For the data below, give again exactly the lines from the one containing "クレメとロゴがプリントされたガラス瓶にクッキーを詰めました。" through the one containing "TOPS Prism+ Writing", both ends included, and no others.

*** STUDY MATERIAL ***

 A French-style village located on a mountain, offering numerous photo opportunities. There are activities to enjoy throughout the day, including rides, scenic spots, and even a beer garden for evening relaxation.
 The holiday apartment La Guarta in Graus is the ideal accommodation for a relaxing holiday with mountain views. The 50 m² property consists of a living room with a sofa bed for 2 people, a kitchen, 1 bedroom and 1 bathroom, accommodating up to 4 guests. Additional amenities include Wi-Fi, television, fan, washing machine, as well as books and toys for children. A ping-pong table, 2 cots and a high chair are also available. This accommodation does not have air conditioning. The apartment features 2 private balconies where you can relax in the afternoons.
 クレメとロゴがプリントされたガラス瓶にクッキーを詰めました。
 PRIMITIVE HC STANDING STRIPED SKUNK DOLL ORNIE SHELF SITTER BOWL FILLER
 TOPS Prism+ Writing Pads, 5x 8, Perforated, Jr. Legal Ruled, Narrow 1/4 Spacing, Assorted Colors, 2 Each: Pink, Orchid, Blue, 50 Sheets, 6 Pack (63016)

*** End of STUDY MATERIAL ***
*** STUDY MATERIAL ***

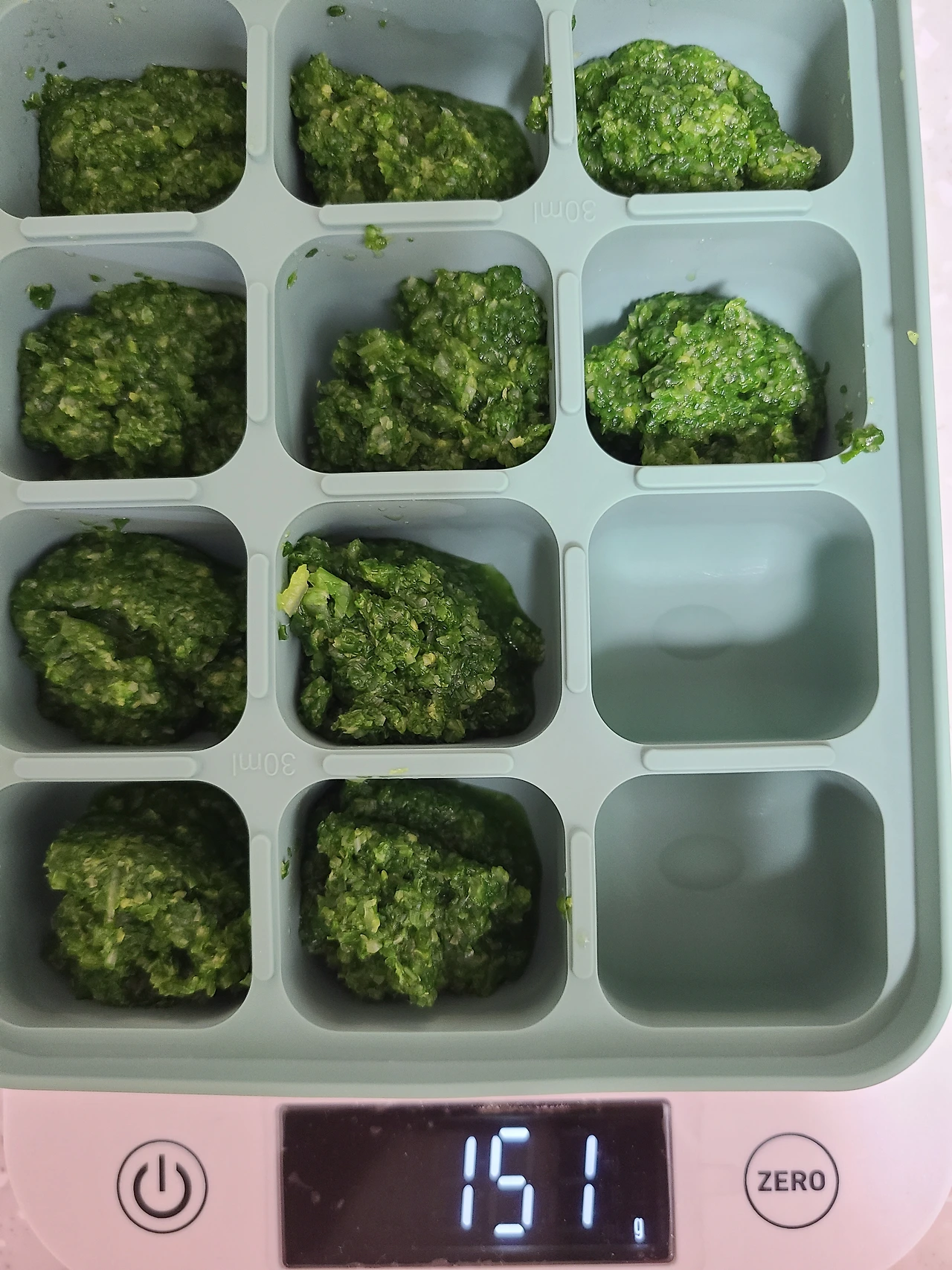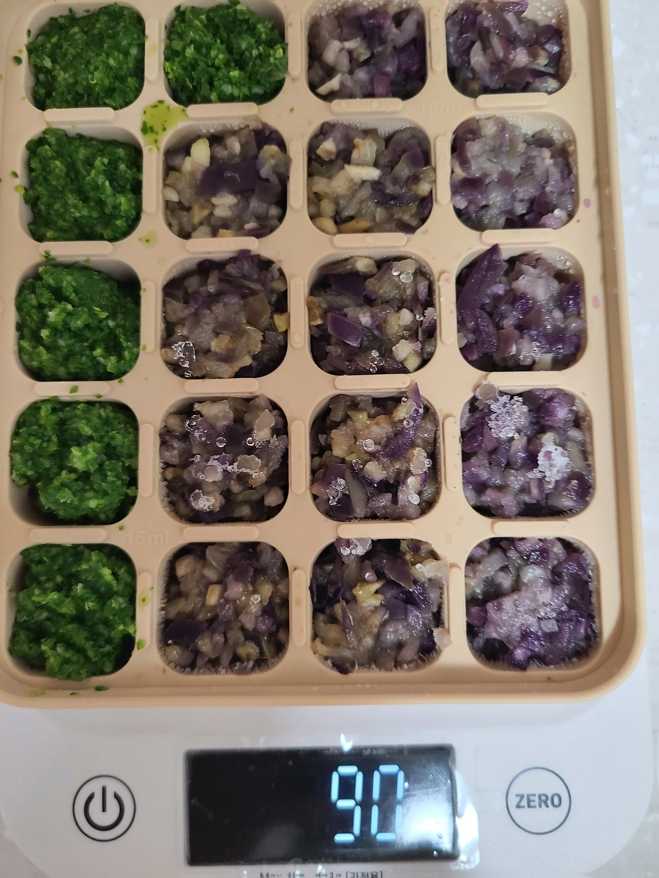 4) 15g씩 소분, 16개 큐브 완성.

*** End of STUDY MATERIAL ***

RESULT OF THE TASK:
 クレメとロゴがプリントされたガラス瓶にクッキーを詰めました。
 PRIMITIVE HC STANDING STRIPED SKUNK DOLL ORNIE SHELF SITTER BOWL FILLER
 TOPS Prism+ Writing Pads, 5x 8, Perforated, Jr. Legal Ruled, Narrow 1/4 Spacing, Assorted Colors, 2 Each: Pink, Orchid, Blue, 50 Sheets, 6 Pack (63016)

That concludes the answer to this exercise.